- Born: 1988 or 1989 (age 36–37)^{[better source needed]} Queens, New York, U.S.
- Children: 1

Comedy career
- Years active: 2007–present
- Medium: Stand-up; film; television;

= Ricky Velez =

American comedian and actor

Ricky Velez is an American stand-up comedian, writer, and actor. He co-starred with Pete Davidson, in The King of Staten Island (2021), which he also helped write and produce. His first stand-up special, Ricky Velez: Here's Everything, was released on HBO in October 2021.

== Early life ==

Ricky Velez was born and raised in Queens, New York in a blue-collar family with two brothers. Velez is half Puerto Rican and half Irish. One of his brothers introduced him to stand-up comedy through half-hour specials on Comedy Central and watching The Daily Show.
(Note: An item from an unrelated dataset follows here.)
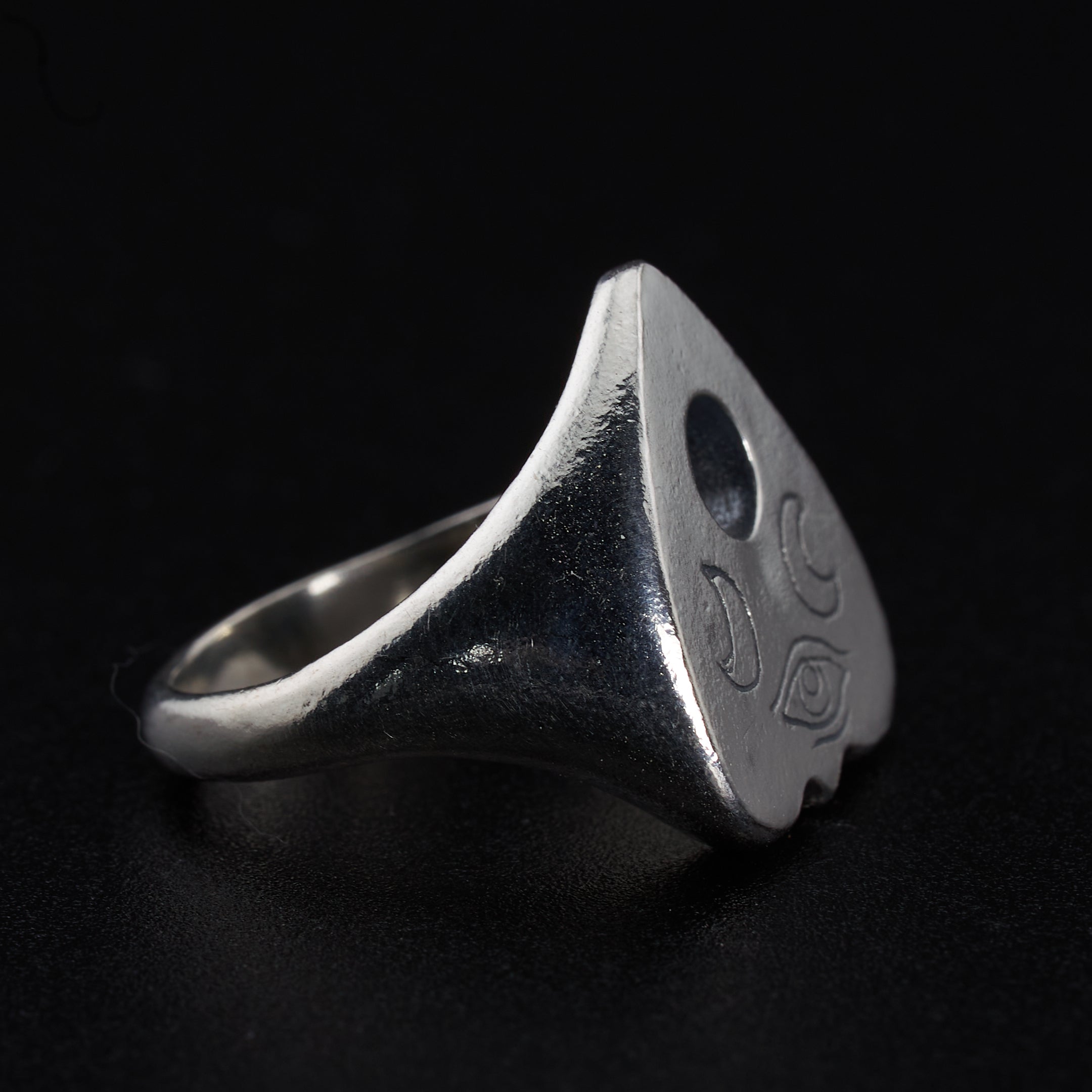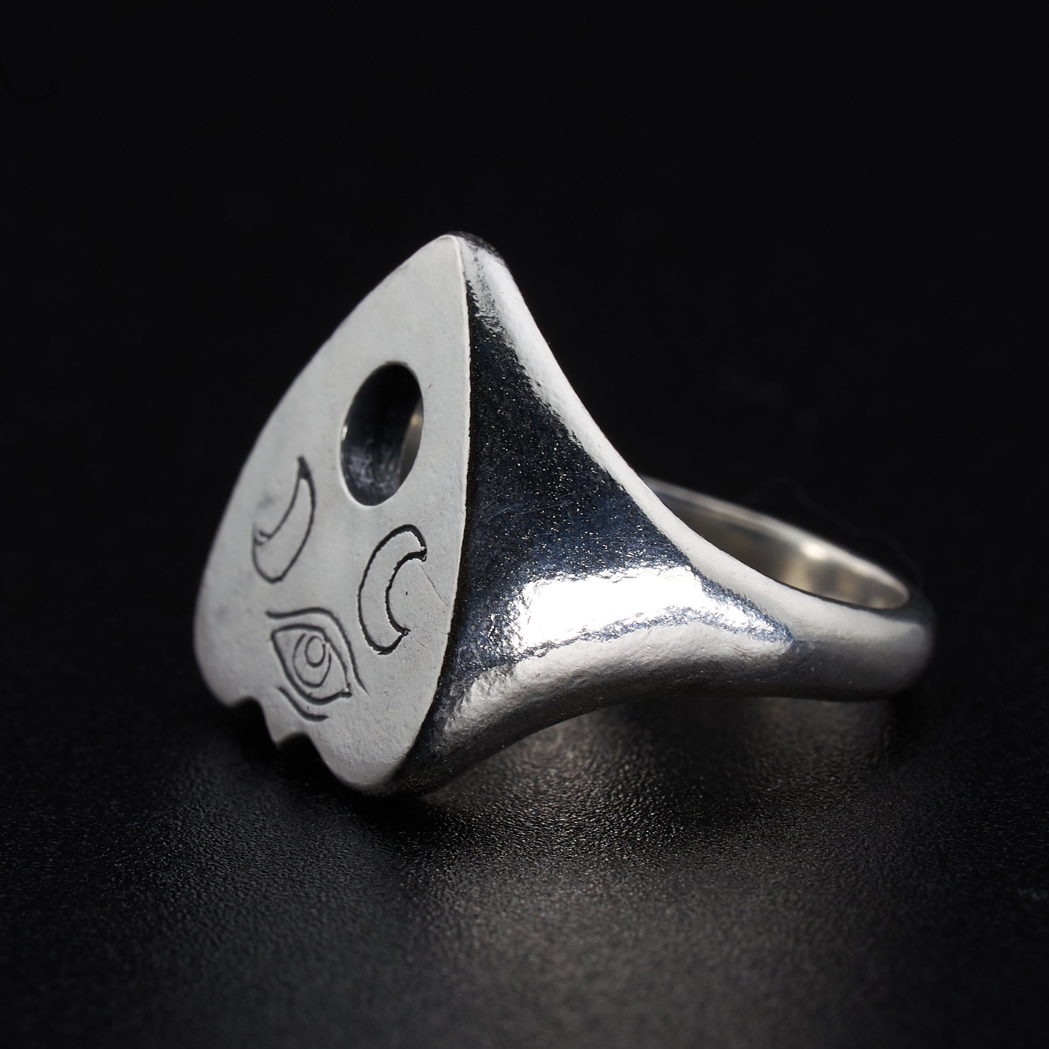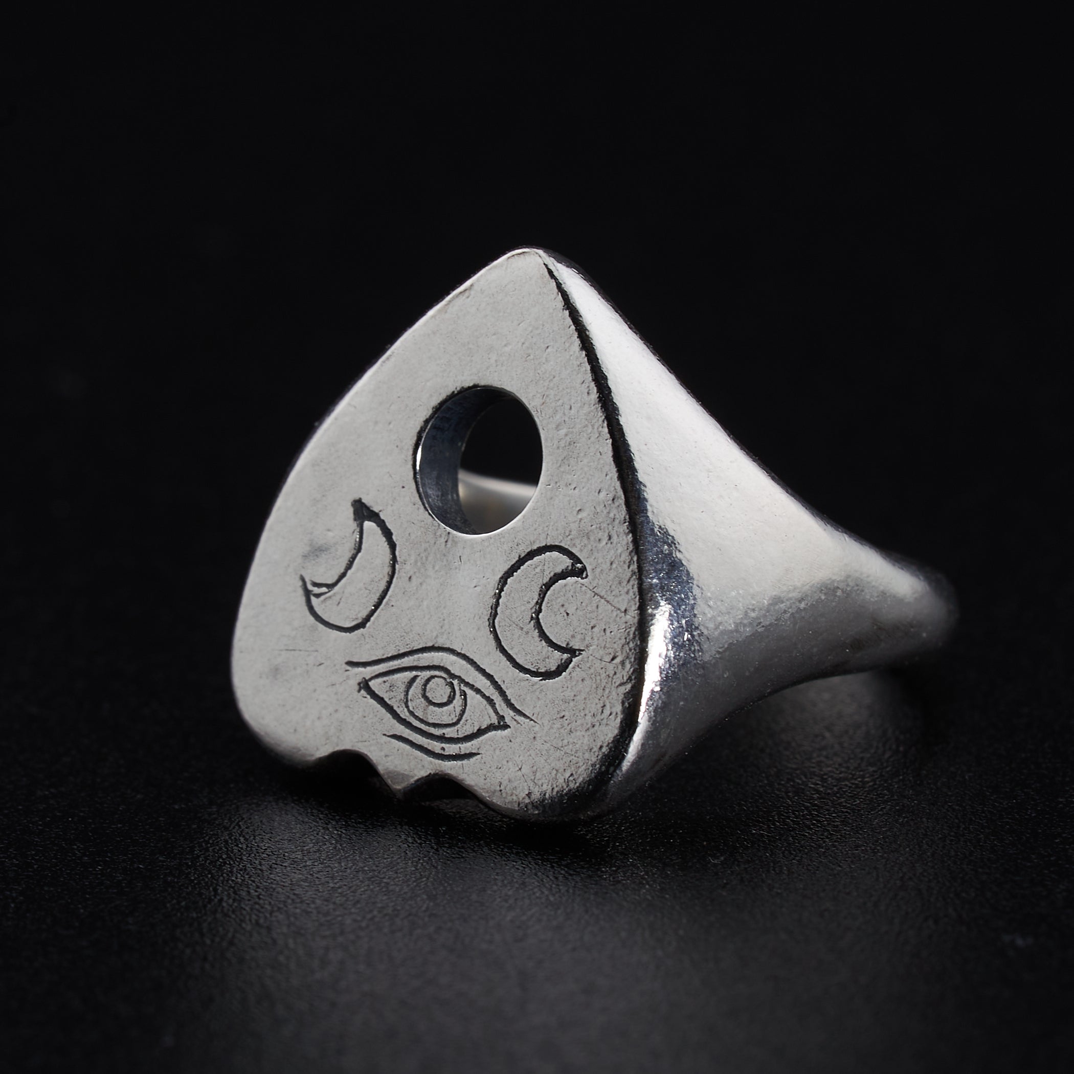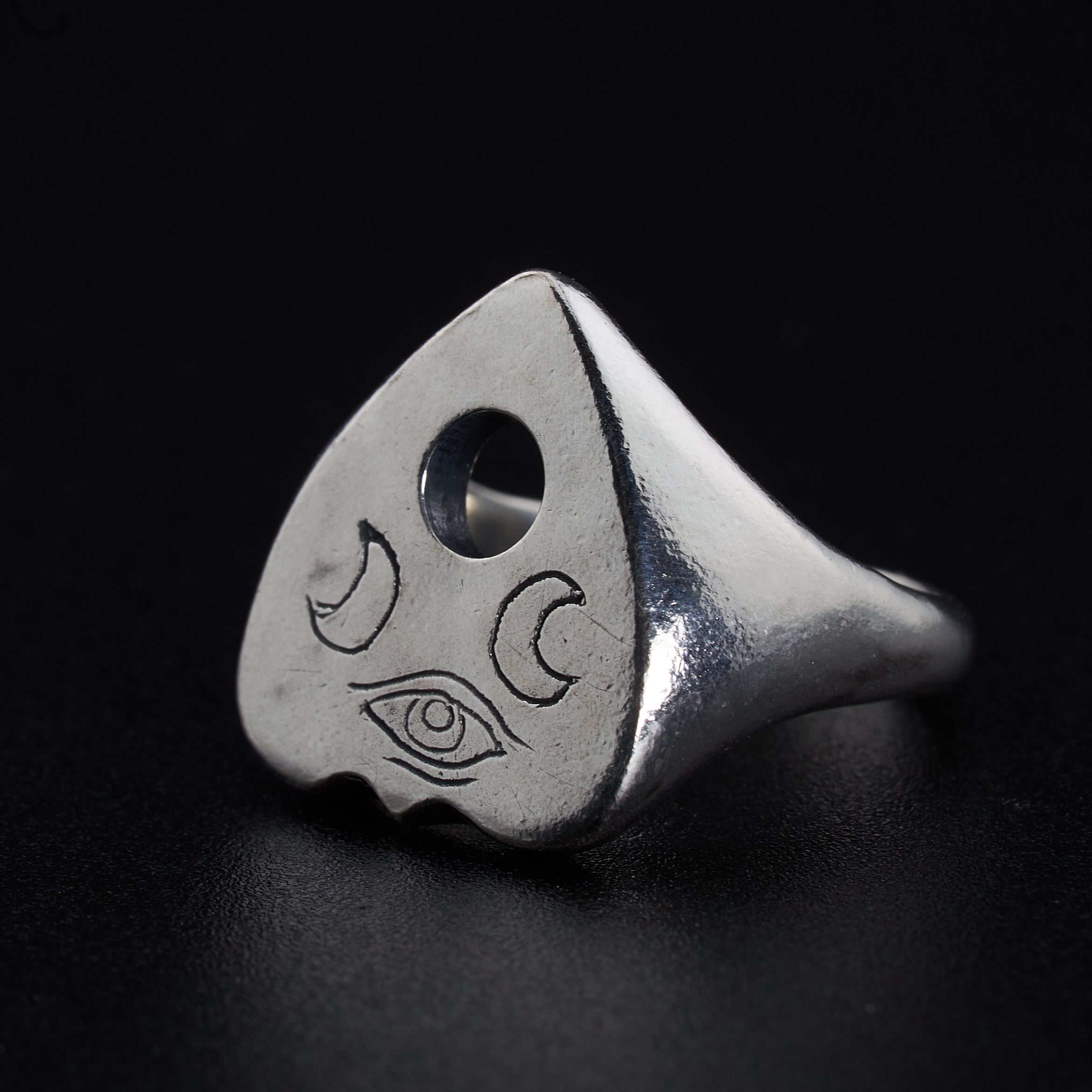 The Metal: A hand carved silver planchette shaped ring. Choose your size from the drop down menu.
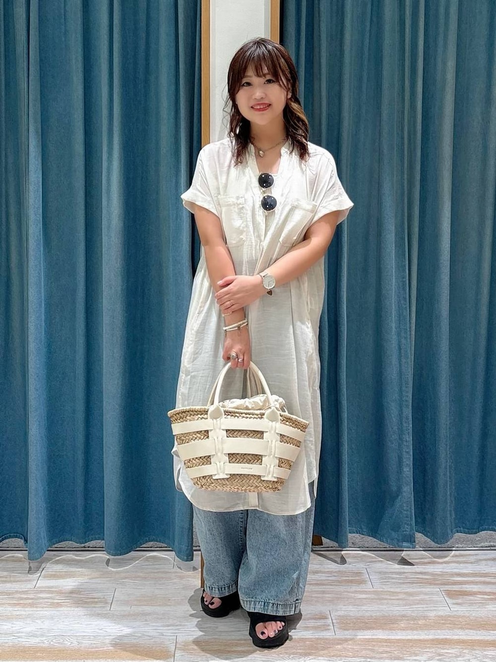 二の腕カバーもしてくれるのに スッキリ見えなシャツワンピース✨ ホワイトで明るさもだしつつ 夏っぽいコーデです🌼

He studied drama at the Frank Sinatra School of the Arts in Astoria, Queens.

After graduating, Velez attended college for less than a year before he returned to Queens and tried to join the military. He was denied to the military and started working various odd jobs, including for his friend's carpet company, where he would lay carpet for red carpet events.

== Career ==
After returning to Queens at age 19, Velez started working for the Broadway Comedy Club, where he would take tickets while performing stand-up each night. He was dealing with depression at the time and felt he needed "the instant gratification that stand-up gives". During this time, he met Pete Davidson and would later become roommates with him.

In 2014, Velez won the New York's Funniest Stand-Up competition at the New York Comedy Festival. As a result, he was able to land a role as one of the contributors for The Nightly Show with Larry Wilmore (2015–2016). He has said that the experience on the show taught him that he did not like making daily television. Velez has played guest roles in several television shows, including one episode in Crashing in 2018.

Velez collaborated with his long-time best friend Pete Davidson on The King of Staten Island, a semi-biographical film about Davidson by Judd Apatow that was released in 2021. Velez co-starred with Davidson and was also a writer and producer on the film. Velez was cast in June 2019 after Davidson asked him to audition for the part of one of his close friends who is a bad influence on Davidson's character. Velez was excited to be able to deal with topics such as mental health in the film. Velez was also signed by William Morris Endeavor in 2021.

Judd Apatow helped Velez release his first stand-up special later that year on HBO, Ricky Velez: Here's Everything, which was executive produced by Apatow and Pete Davidson. The special deals with topics such as mental health and his family. Velez described the special as "me introducing myself to the world". He had attempted to film the special at his high school alma mater, the Frank Sinatra School of the Arts, but the board of education did not allow it. It was eventually filmed over two shows at Brooklyn Steel on August 28, 2021, with most of the footage used in the special from the second show. Velez had toured for five months prior to filming to work on the material during the COVID-19 pandemic. The special received positive reviews, with Jason Zinoman in The New York Times describing it as a "solid introduction to his spiky, propulsive comedy".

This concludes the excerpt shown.